Clean Ocean Action’s Casey Shanley models the latest in environmental beachwear.
By SUE MORGAN
Piggybacking on the popularity of the dolphin pod that’s been in the Shrewsbury River since mid-June, Clean Ocean Action last week took aim at three proposals to create liquefied natural gas terminals off the Monmouth County coast.
With a private plane towing a “Help! Save the dolphins!” banner overhead, COA Executive Director Cindy Zipf and other speakers at the July 3 press conference on the Sea Bright boardwalk appealed to the public’s love of the frolicking marine mammals in an effort to sink the plans.
One proposal, by the Atlantic Sea Island Group, calls for a manmade island terminal to be built in the Atlantic Ocean 19 miles off east of Sea Bright for the ‘regasification’ of liquified natural gas. Two other companies have proposed similar operations off Asbury Park and Manasquan.

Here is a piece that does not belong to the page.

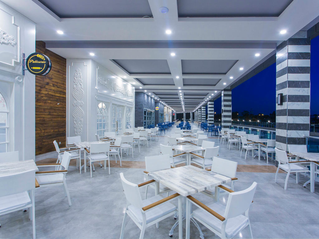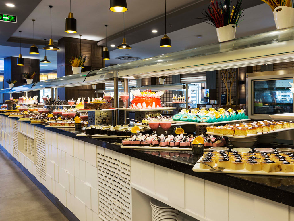 På Eftalia Ocean behøver du aldrig at gå sulten rundt – her er der praktisk All Inclusive, der gælder! Morgenmad, frokost og middag serveres som buffeter i hovedrestauranten. Nogle dage afholdes også festlige temaaftener, som for eksempel tyrkisk aften, der sætter sit præg på både serveringen og buffetudbuddet.
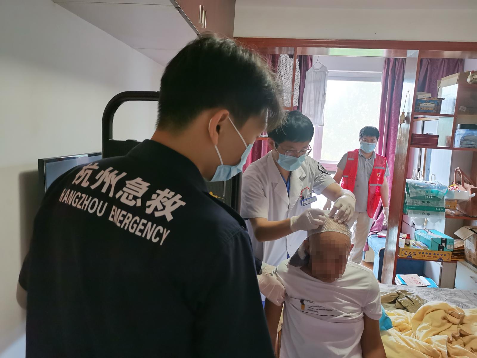 得知求助人是贺师傅,吴杰心中一紧。考虑到老人患有脑梗,此前已多次发生过晕倒情况,独居家中一旦出事后果不堪设想。放下电话,吴杰立即和同事马晨拎起应急包,骑上电瓶车往老人家里赶,全程仅用3分钟便抵达现场。

The proposals, as well as the unusual presence of some 15 to 20 Atlantic bottlenose dolphins swimming nearby, served as ammunition for Zipf and other speakers. COA, a consortium of about 125 organizations, claims construction of the island will “harass” some 1,000 dolphins and whales, and disrupt the lives of 700 such animals each year of operation.
Yes, the ocean and other waterways are cleaner than they were more than 25 years ago, when COA began its mission to end ocean dumping, Zipf acknowledged. However, until federal laws prohibiting the creation of LNG terminals and offshore drilling are on the books, some individual or corporation will always entertain the notion of industrializing the ocean for profits, she noted.
“People will always continue to find destructive things to do to the ocean,” she said.